As far as Gregg goes, there will not be a tear shed by Cub fans when he is given his walking papers. He quickly lost favor with Cub fans, pitching poorly and giving out games almost immediately. While he was able to put together good stretches in various points in the season, he quickly lost all of his bonus points by blowing what should have been an easy couple of saves in a row. Trading young prospect Jose Ceda for Gregg might have been one of the worst moves Hendry could have made in the off season. While he is considered to be one of the better players hitting free agency, the Cubs will not even consider giving him a contract extension. In fact, they will likely even pass on offering him Arbitration and give up the likelihood of getting draft pick from in just in case he accepts. If he accepts, the Cubs can non-tender him and nothing is lost. But why waste the time going through the entire Arbitration process? The Cubs will not give him a second look.

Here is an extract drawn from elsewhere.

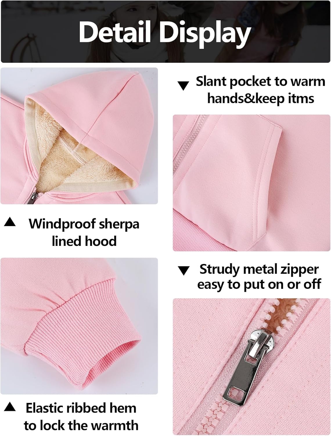 - Size: This sherpa lined girls hoodie is easy to wash, can be machine and hand washed (please do not bleach). Please refer to the SIZE CHART of this youth fleece jacket kids to choose your child's size.

That brings us to the final member of the Cubs free agent list, that being Fox. He will definitely not be back with the Cubs in 2010. In fact, he should never have come back again. I give him all the credit in the world for wanting to pitch, and for continuing to try. However, sooner or later you have to know when to throw the towel in. When you can barely make a single outing without injuring your arm, you have to figure that the time has come to say goodbye.
Hendry has some tough decisions to make, and has likely already made up his mind on which of the players he wants to keep. With payroll being limited, you can not keep everyone you would like to keep, which means that you have to say goodbye to someone you love. Unfortunately, the signs are pointing towards Grabow being the only Cubs free agent retained. How the Cubs fill the new vacancies remains to be seen, but don’t be surprised to see a lot of minor league players up with the team next year.

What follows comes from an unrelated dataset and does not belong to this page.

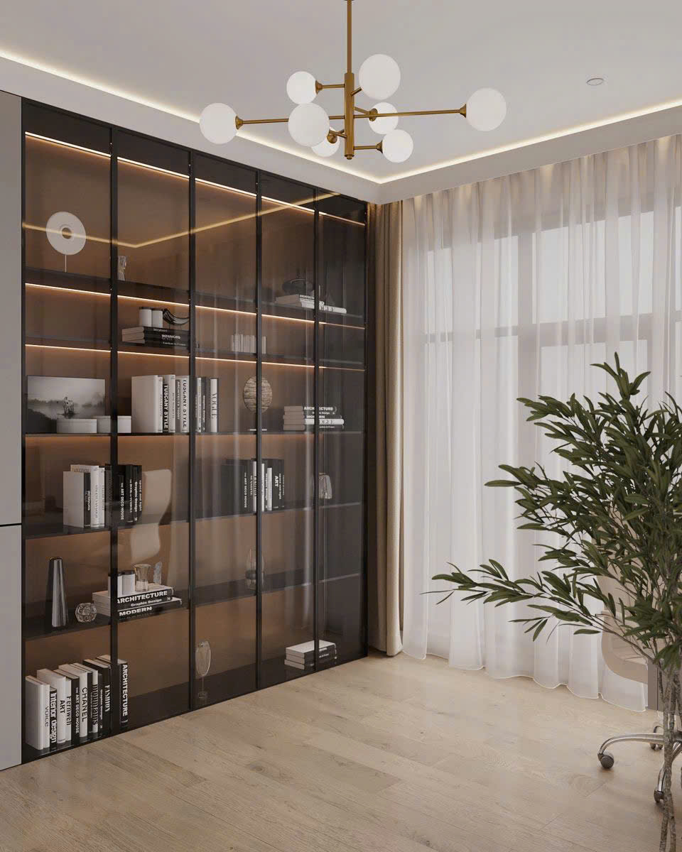 - Phòng khách: Tủ kính cao, tạo điểm nhấn sang trọng.

Now that the Chicago Cubs season has officially ended, or at least realistically, lets look back and see where everything went wrong. You can point fingers at whomever you wish, but you would still only be partially correct in your assumption. There are several factors which by themselves could have been enough to cripple a team for the year, but when you put them all together you get sure fire disaster. While I am sure that I will overlook a few things which added to the failure of the 2009 Cubs, I believe that the following is what contributed the most to the demise and heartbreak.
In order to properly start the autopsy of the 2009 Cubs, we need to go back to the end of the 2008 season, when the Cubs were swept by the Los Angeles Dodgers. Not long after the series ended, Cubs Manager Lou Piniella threw out a statistic which showed that not one time in the entire season, including regular season games, did the Dodgers use a left handed pitcher against us. Using that as a jumping point, he claimed that the Cubs were too right handed, and he wanted to add some left handed bats to the lineup. One of the casualties of this statement was Mark DeRosa who quickly gained popularity with the Cub’s faithful fans. With his departure, the Cubs lost a big part of the clubhouse, and in the long run, helped to strengthen the competition when the Cleveland Indians traded him to the St. Louis Cardinals.

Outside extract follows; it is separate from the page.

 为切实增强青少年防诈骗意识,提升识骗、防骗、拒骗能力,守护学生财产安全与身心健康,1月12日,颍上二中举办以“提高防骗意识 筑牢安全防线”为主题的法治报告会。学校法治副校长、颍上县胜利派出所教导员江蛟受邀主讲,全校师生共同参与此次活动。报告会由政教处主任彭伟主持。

There are a few reasons why DeRosa was traded, one of which was that Piniella wanted to become more left handed in the batting order. Other then the desire to become more left handed, one factor which was rumored, was that Piniella wanted DeRosa gone because of his comments after the Cubs lost their second game in the National League Division Series, where he said that the Cubs backs are “against the wall”. That statement upset Piniella. Whether or not that rumor is true, I don’t know. Another reason why DeRosa was looked at as being dispensable was because of the surprising play of Mike Fontenot. The way he played throughout the 2008 season in limited playing time, fans were clamoring for him to get more playing time. When he was given that chance this year, he showed that he is not an everyday second baseman, as his batting average plummeted into the low .200s. If Fontenot had performed up to expectations, there would be a lot less fans disappointed that DeRosa was traded. Finally, the financial reason for his trade has to be mentioned. They had to trade him to free up some room in order to have enough money to sign a free agent who could bat left handed. While Cubs General Manager will ultimately get the blame for the trade, he was only doing what a good GM will do. Give his manager the team he wants.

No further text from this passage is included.